Fig. 4(a) displays the transmittance spectrum of the [Si/SiO2]m/Si3N4 structure. In this notation, the bracket demonstrates the layer pairs (the stack) and m denotes the number of stacks. The increase in the period number m results in the formation and growth of the width of the photonic forbidden band or PBG, blocking the transmission of photons or light energy in certain frequencies (transmittance less than 2). Fig. 4(b) represents the transmission spectra of [Si/SiO2]6/Si3N4 and [SiO2/Si]6 /Si3N4 1D-PC structures, indicating the importance and effect of the arrangement of Si and SiO2 layers in the stacks. Since the only difference between the two structures is in the order of Si and SiO2 thin films, obtaining similar transmission spectra is predictable and reasonable. Therefore, [Si/SiO2]6/Si3N4 structure is chosen arbitrarily. 

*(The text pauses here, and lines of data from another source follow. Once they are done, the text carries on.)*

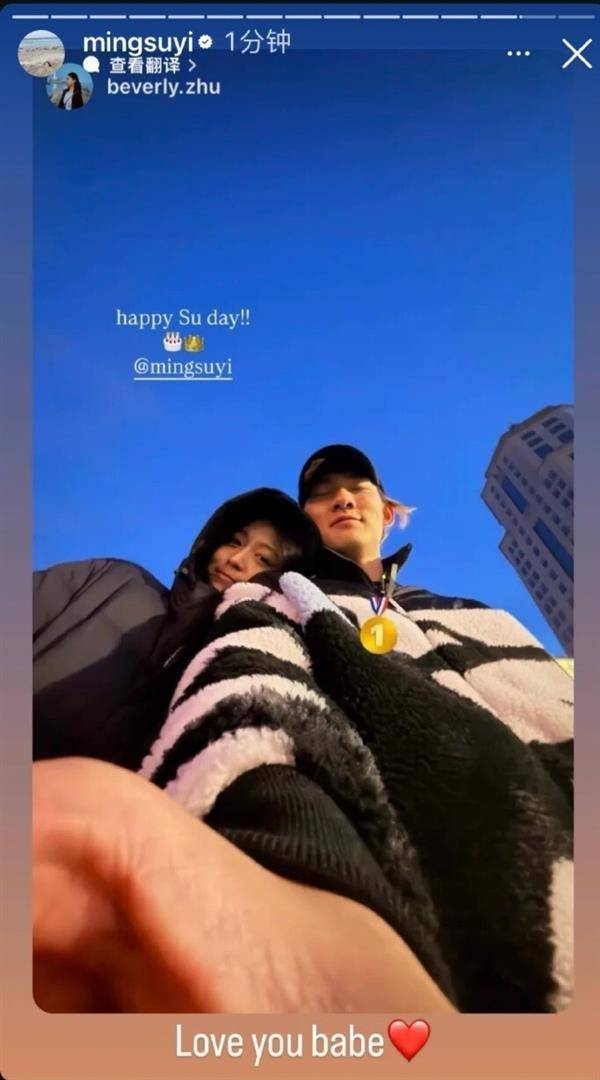 几乎在苏翊鸣夺冠的同时,另一条社交媒体动态也引起了广泛关注。他的女友,花样滑冰运动员朱易,在个人账号上发布了一张两人甜蜜的合照。照片中,朱易依偎在苏翊鸣肩头,画面温馨,她配文“happy Su day!”苏翊鸣迅速转发并回复“Love you babe.”,这条动态瞬间引爆网络,评论区被“体坛真情侣太好磕了”、“甜得过分了”的留言淹没。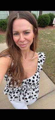 This is a super cute top but I didn’t like the fit on my chest. It was low cut and couldn’t wear with a regular bra. I didn’t wear.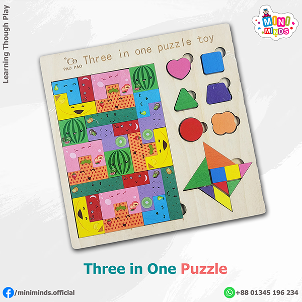 এটি একটি কাঠের তৈরি Three in one puzzle বোর্ড। এতে একই সাথে Tetris style blocks, Geometric shapes, এবং একটি Tangram windmill পাজল সেট রয়েছে। রঙবেরঙের ফল ও শেপ দিয়ে সাজানো এই খেলনাটি বাচ্চাদের একঘেয়েমি দূর করে।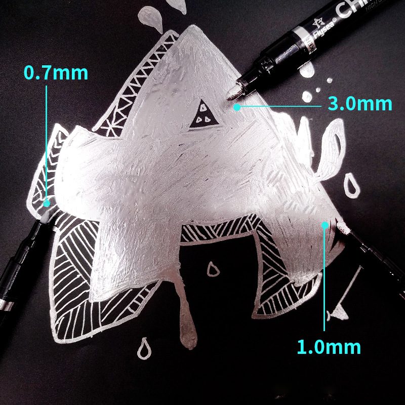 【Smooth flow】высокий блеск эффекты могут быть созданы на большинстве поверхностей, применяются к гладким поверхностям для зеркального эффекта. Разработанный с инновационным клапаном, чернила плавно протекают без остановок, протечек или кровотечения.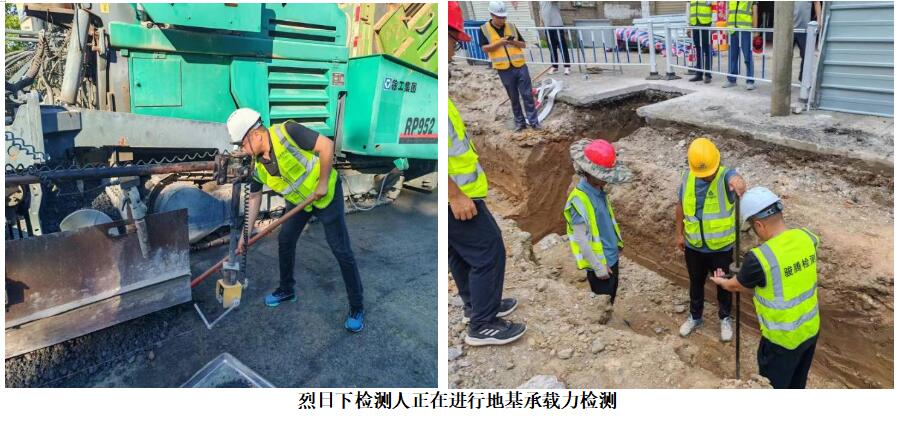 又一个40℃+的高温桑拿天,汗如雨注,迎着烈阳,有这样一群不服“暑”的同志们,他们或头顶烈日提着灌砂筒冲向压实的路面,一锤一锤的挥洒汗水,一勺一勺的收集着检测的信念;或站在泥泞的沟槽里把握着对大地的承载;或弯腰俯身守护着出行的基本,他们就是合肥路桥骏腾检测的同志们。
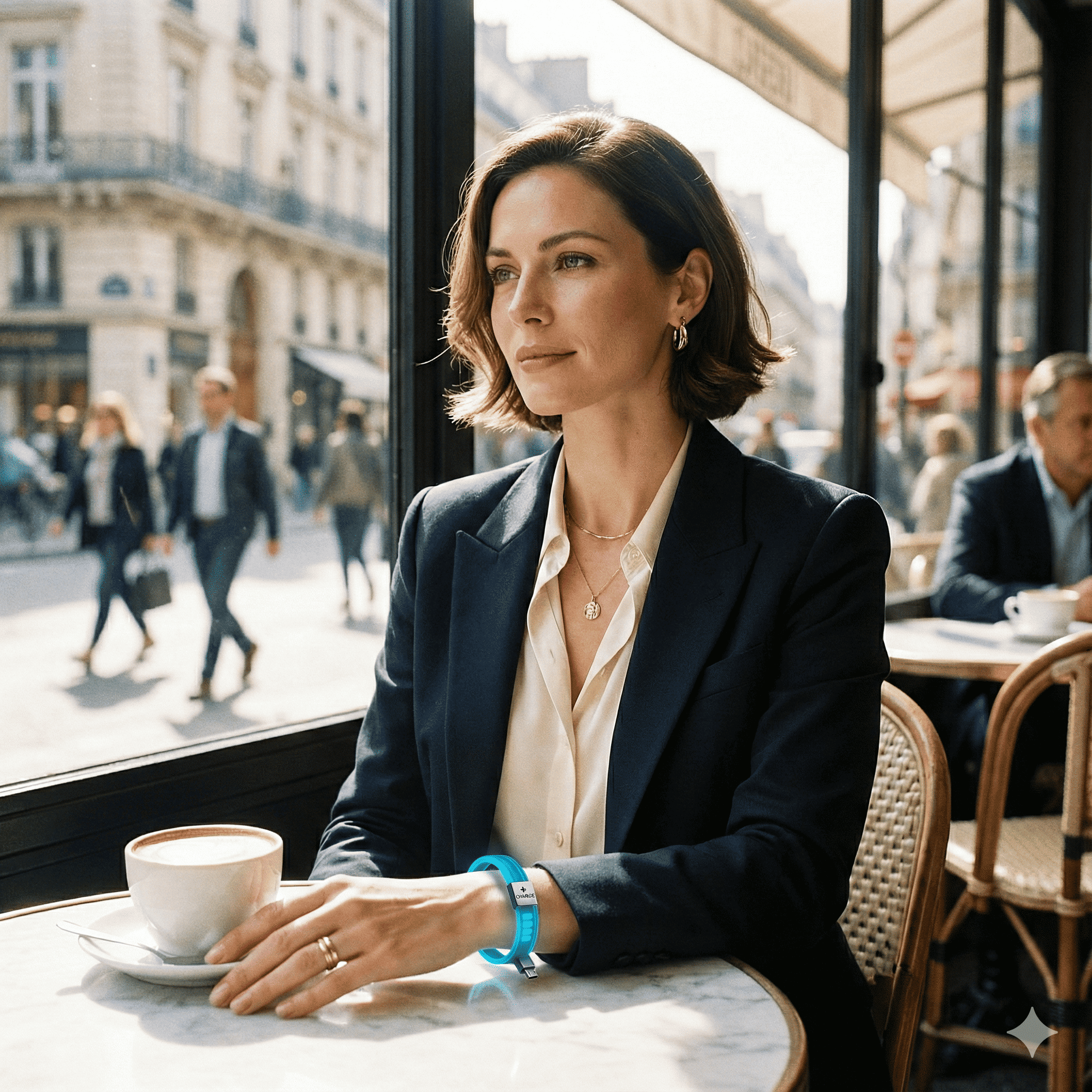 And here’s the prompt: Show this specific product device being used by a beautiful european woman in a busy New York subway station. The product should be held in the left hand. Maintain product consistency strictly. Shot on 35mm film, grainy texture.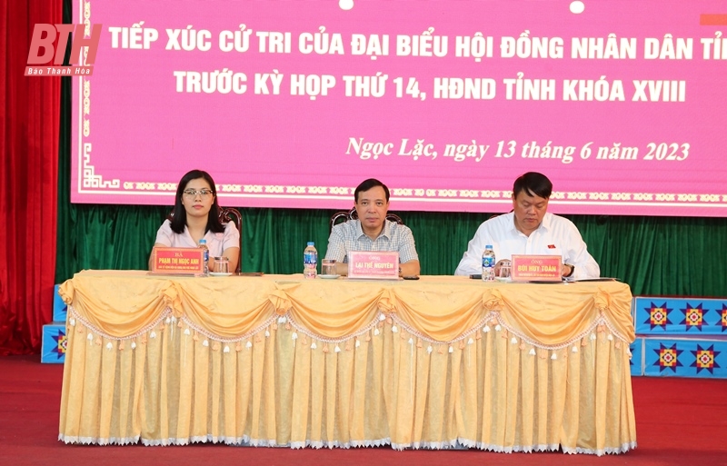 Sáng 13-6, Tổ đại biểu HĐND tỉnh gồm các đại biểu: Lại Thế Nguyên, Phó Bí thư Thường trực Tỉnh ủy, Trưởng đoàn ĐBQH tỉnh; Bùi Huy Toàn, Phó Bí thư Huyện ủy, Chủ tịch UBND huyện Ngọc Lặc; Phạm Thị Ngọc Anh, bác sĩ Bệnh viện Đa khoa khu vực Ngọc Lặc, đã có buổi tiếp xúc cử tri huyện Ngọc Lặc trước kỳ họp thứ 14, HĐND tỉnh khóa XVIII.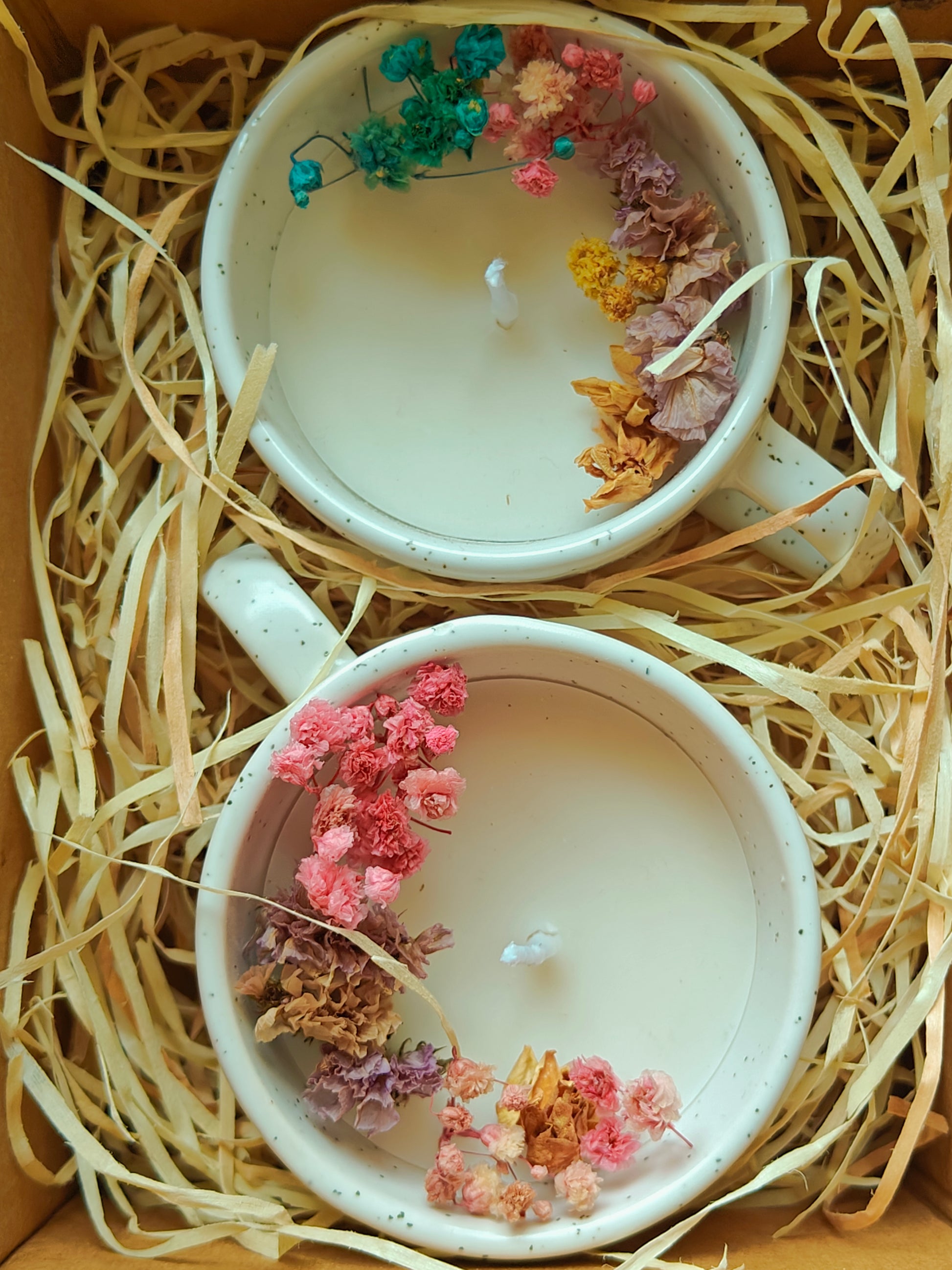 Product Detail: Set of 4, two cups & two saucers. Soy wax candle with natural dried flowers.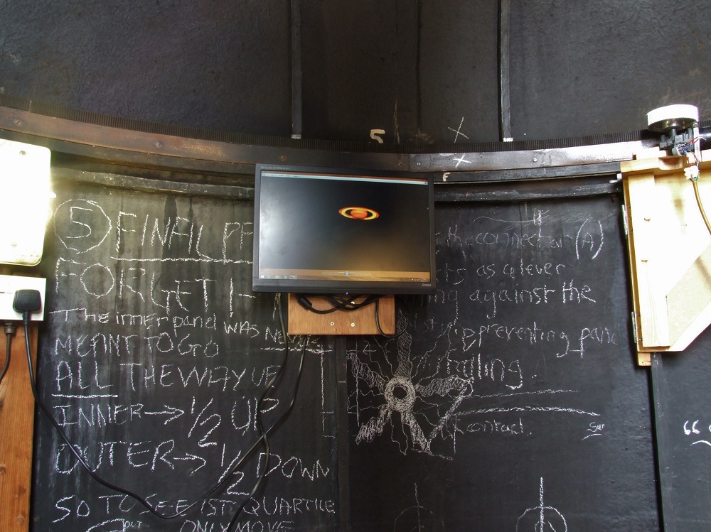 We have been attempting to make the dome rotation smoother and now there an additional monitor has been mounted to the wall inside in the dome so we can have the computer in the hut but still work in the dome (see below).

In the following, TiO2 layer is inserted as a defect layer, and sandwiched between three stacks of [Si/SiO2], resulting in [Si/SiO2]3/TiO2/[Si/SiO2]3/Si3N4 structure. It is known that inserting a defect layer in a 1D-PC leads to the creation of a defect mode in its PBG [40-41]. Fig. 5 illustrates transmission spectra of the [Si/SiO2]3/TiO2/[Si/SiO2]3/Si3N4 structure, which is calculated for FWs of 461 nm (Rhodamine 6G laser), 511 nm (Copper Vapor laser), 594 nm (Red He-Ne laser), 612 nm (Yellow He-Ne laser), 711 nm (NIR Laser Diodes), 811 nm (NIR Laser Diodes), and 911 nm (NIR Laser Diodes). 
Fig. 5(a) indicates the occurrence of one transmission peak (TP) for the different FWs. Also, it is found that the TP shifts to longer wavelengths (i.e., a red shift) with increasing FW value. In order to investigate the effect of higher FWs on TP shift, transmission spectrum of [Si/SiO2]3/TiO2/[Si/SiO2]3/Si3N4 PC is calculated for FWs of 711, 811 and 911 nm, and the results are shown in Fig. 5(b). Note that, all layer thicknesses are calculated from the following formula: L= λF/(4n), positioning the TP location exactly on the selected FW. However, in addition to a TP at 711 nm, there is a transmission region for FW = 711 nm whose average transmission is up to 80%, according to Fig. 5(b). For FW = 911 nm, there is also a TP at 911 nm and a transmission region at the wavelength ranges between 450-684 nm, as is shown with the dotted arrow. As a result, one can find that the location of the TP, the number of TPs, the PBG and the intensity of the transmitted light in Fig. 5(b) can be completely engineered and controlled. Table 1 shows that, as the FW increases, the maximum transmission and the PBGs width increase, whereas the width of the right PBG shows a noticeable change with the increase in FW. 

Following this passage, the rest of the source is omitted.